Verder neemt de rechtbank met betrekking tot de straf die aan de veroordeelde is opgelegd in aanmerking dat aan hem geen (deels) voorwaardelijke straf is opgelegd, waaruit de rechtbank afleidt dat de kinderrechter het recidiverisico niet dusdanig groot heeft geacht dat een stok achter de deur voor de veroordeelde nodig was.
*Veroordeelde is na het plegen van de bewezenverklaarde feiten, nu één jaar later, niet meer met politie en justitie in aanraking gekomen.

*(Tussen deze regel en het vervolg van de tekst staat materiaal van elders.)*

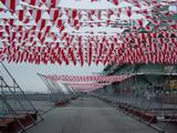 | 紅白ストライプの旗も作品!!この先が横浜トリエンナーレの会場となります!!いろーんなおもしろ作品があるんですよ〜!! |
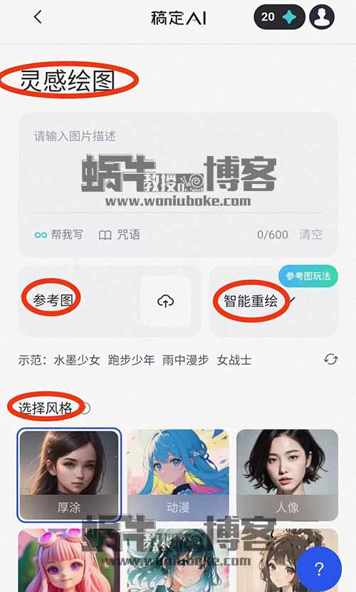 4、打开稿定设计,电脑里在首页里找到“稿定AI",选择“AI绘图”,手机直接点首页的“AI绘图”,在“灵感绘图”里点击“参考图”,上传真人照片,点参考图右边的“智能重绘”选择“智能重绘”。

Al deze zojuist uiteengezette bijzondere omstandigheden tezamen en in onderling verband in overweging nemende, is de rechtbank van oordeel dat in de zaak van de veroordeelde opname van het DNA-profiel in de DNA-databank disproportioneel is, hetgeen betekent dat er sprake is van een uitzonderingssituatie als bedoeld in in artikel 2, eerste lid, onder b, van de Wet DNA

Beslissing

De rechtbank verklaart het bezwaar gegrond en beveelt dat de officier van justitie ervoor zorg draagt dat het celmateriaal terstond wordt vernietigd.
Deze beslissing is gegeven door
mr. C.P.E. Meewisse, rechter,
in tegenwoordigheid van mr. S.M. Zoetelief, griffier,
en in het openbaar uitgesproken op 28 mei 2025.
Tegen deze beslissing staat geen rechtsmiddel open.